Submission to BioSample

Submission of research data from human subjects
For submitting data from human subjects (human data) to the databases of DDBJ center, it is submitter's responsibility to ensure that the dignity and right of human subject are protected in accordance with all applicable laws, ordinances, guidelines and policies of submitter's institution. In principle, make sure to remove any direct personal identifiers of human subjects from your data to be submitted. Before submitting human data, read the "Submission of research data from human subjects".

Submission to BioSample

Create a new sample submission

Obtain a submission account according to the Account Handbook.

Move to the Biosample submission page from the “Biosample” menu at the top. Create a new sample submission by clicking the [New submission] button.

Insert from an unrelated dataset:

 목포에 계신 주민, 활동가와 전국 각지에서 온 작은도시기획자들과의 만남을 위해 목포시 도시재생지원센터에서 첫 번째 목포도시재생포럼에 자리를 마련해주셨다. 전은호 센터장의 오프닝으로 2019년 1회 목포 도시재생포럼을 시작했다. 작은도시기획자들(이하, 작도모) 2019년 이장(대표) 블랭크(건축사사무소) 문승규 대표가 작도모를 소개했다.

Upper limit is about 2,000 samples per submission.

If there is no reply from submitters after three months of initial contact, submissions will be cancelled.

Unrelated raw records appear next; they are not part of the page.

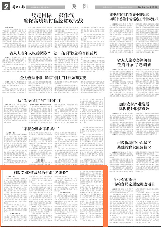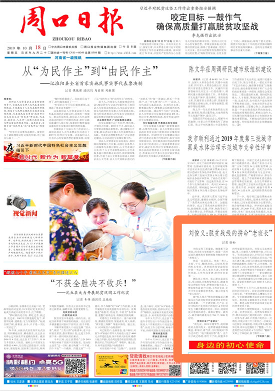 2019年10月18日,《周口日?qǐng)?bào)》頭版轉(zhuǎn)版,以《劉俊義:脫貧戰(zhàn)線的拼命“老班長”》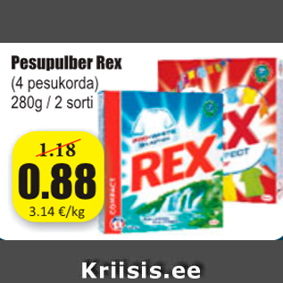 Kampaania periood: 16.02.2018 - 01.03.2018 Hind: 0.88€ Pesupulber Rex(4 pesukorda) 280 g / 2 sorti
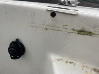 J’ai envie pu venir prendre une photo du trou permettant le verrouillage de la baille à mouillage, par lequel entre l’eau quand on enfourne.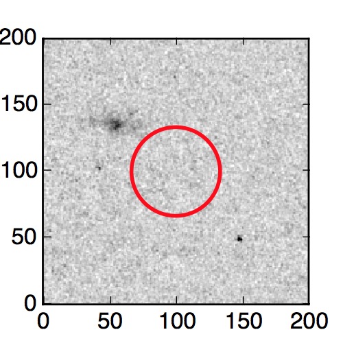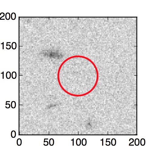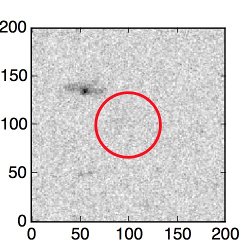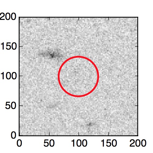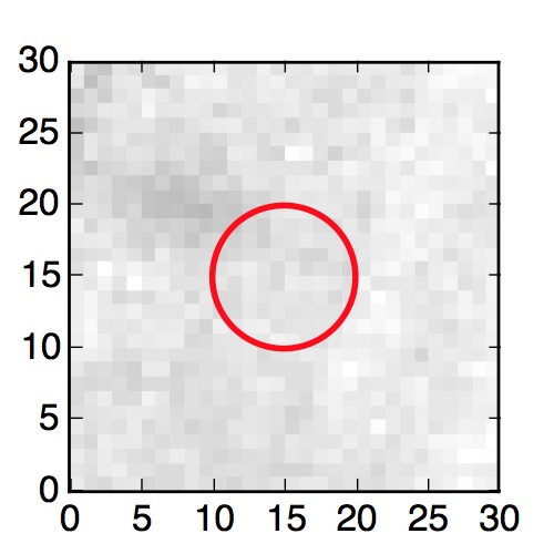 The red circle in the various panels is 1" in radius. The images are 6"x6".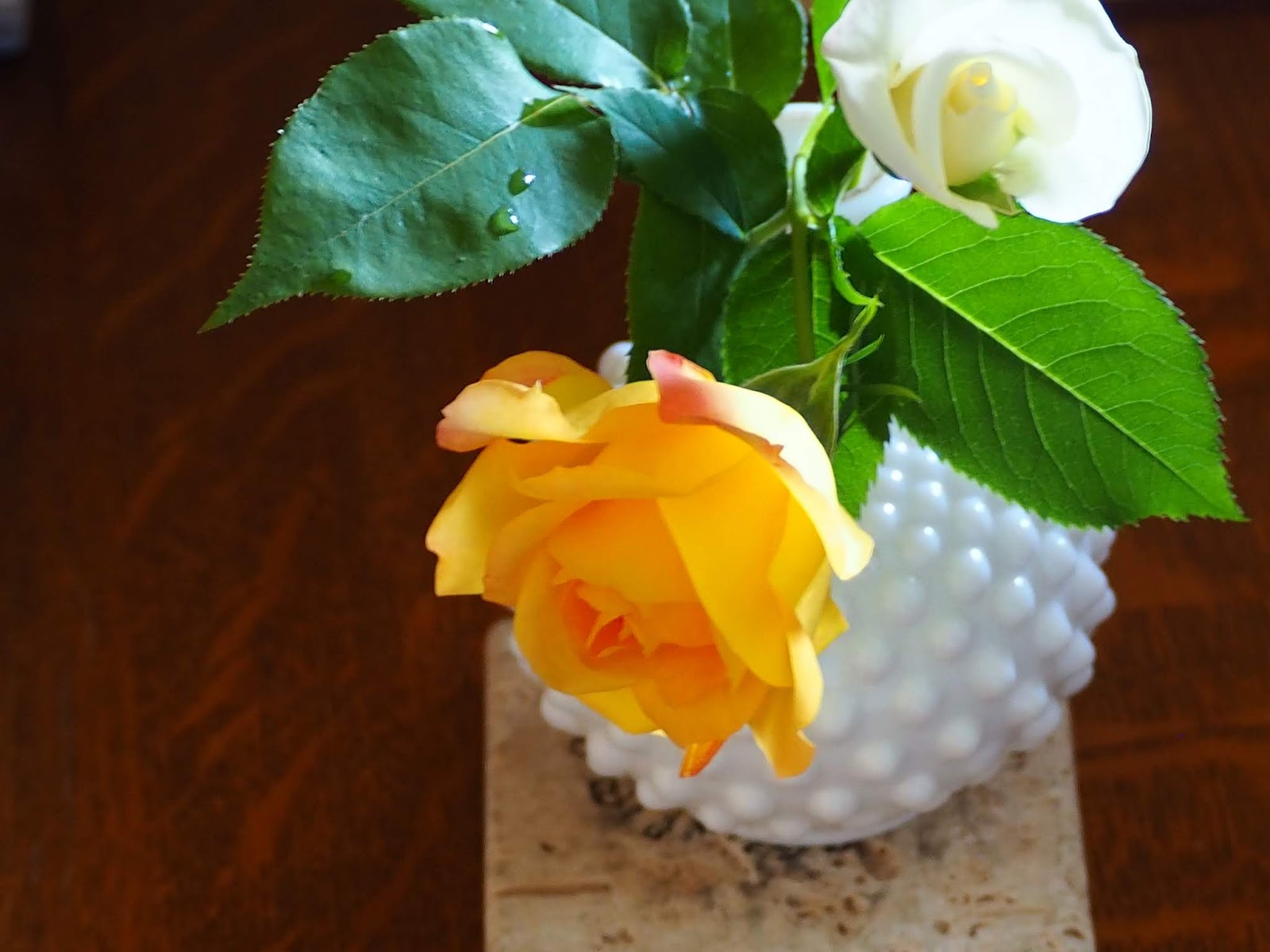 | In the vase, two roses from Mary's rose garden, the white rose is from a JFK rose that we have transplanted several times. |

Create a new sample submission
Create a new sample submission

To submit a BioSample, enter content from left to right tabs.

For BioSample metadata, please see the BioSample metadata.

Submit new samples

Select a sample type in the "SAMPLE TYPE". For genome samples, minimum sample attributes are defined by MIxS.

For the Sample type, please see the BioSample Handbook.

Select a sample type

Enter sample attributes

List and explanation of BioSample attributes. User-defined attributes can be added to the rightmost column.

Example BioSample submission files

Download a template text file according to the selected sample type to enter sample attributes.

A main sample submission step is to describe samples by required, optional and user-defined attributes.

Download a text file for entering sample attributes

A text file is separated by tab and can be opened and editted in spreadsheet editor (e.g. Excel®). Attribute names are in a header line. Attributes with "*" are required.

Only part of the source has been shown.